[Opening Supplied information section]
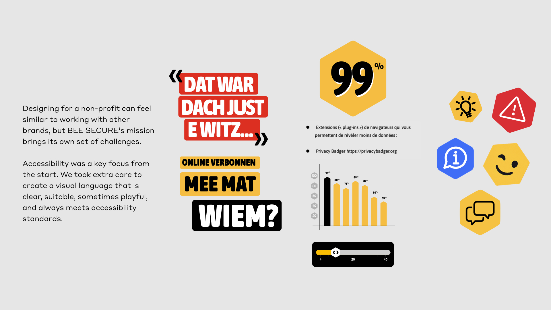 Gédéon created a visual system that is flexible and expressive, with a strong focus on accessibility and clarity. The guidelines help the BEE SECURE team make content that is easy to understand, creative, and suited to different audiences.
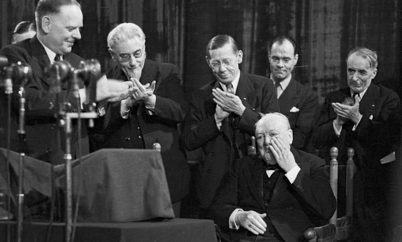 Черчилль растроган откликом на его речь на Конгрессе Европы в Гааге. Лидеры Европейского движения (слева направо): Керстенс, Рамадье, Ретингер и де Ружмон. 7 мая 1948 г.
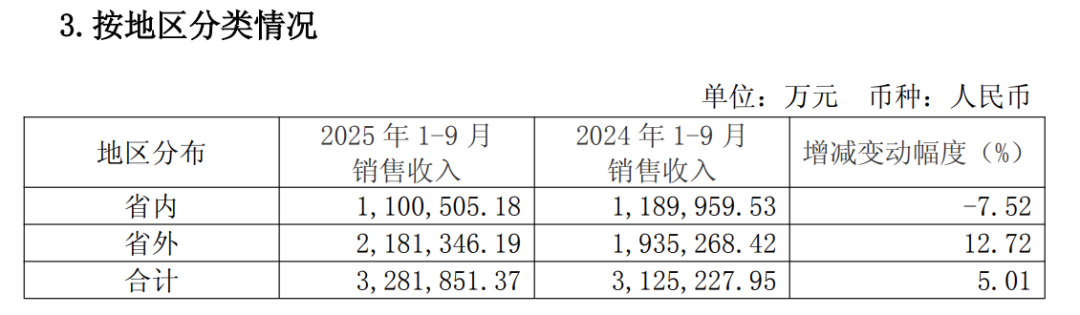 从区域市场来看,前三季度,汾酒省外市场销售收入 218.13亿元,同比增长12.72%;省内市场销售收入110.05亿元,同比下滑7.52%。
[Closing Supplied information section]
# [What to work on]
Return each line from the material above exactly, but not the pictures.

# [Answer below]
 Gédéon created a visual system that is flexible and expressive, with a strong focus on accessibility and clarity. The guidelines help the BEE SECURE team make content that is easy to understand, creative, and suited to different audiences.
 Черчилль растроган откликом на его речь на Конгрессе Европы в Гааге. Лидеры Европейского движения (слева направо): Керстенс, Рамадье, Ретингер и де Ружмон. 7 мая 1948 г.
 从区域市场来看,前三季度,汾酒省外市场销售收入 218.13亿元,同比增长12.72%;省内市场销售收入110.05亿元,同比下滑7.52%。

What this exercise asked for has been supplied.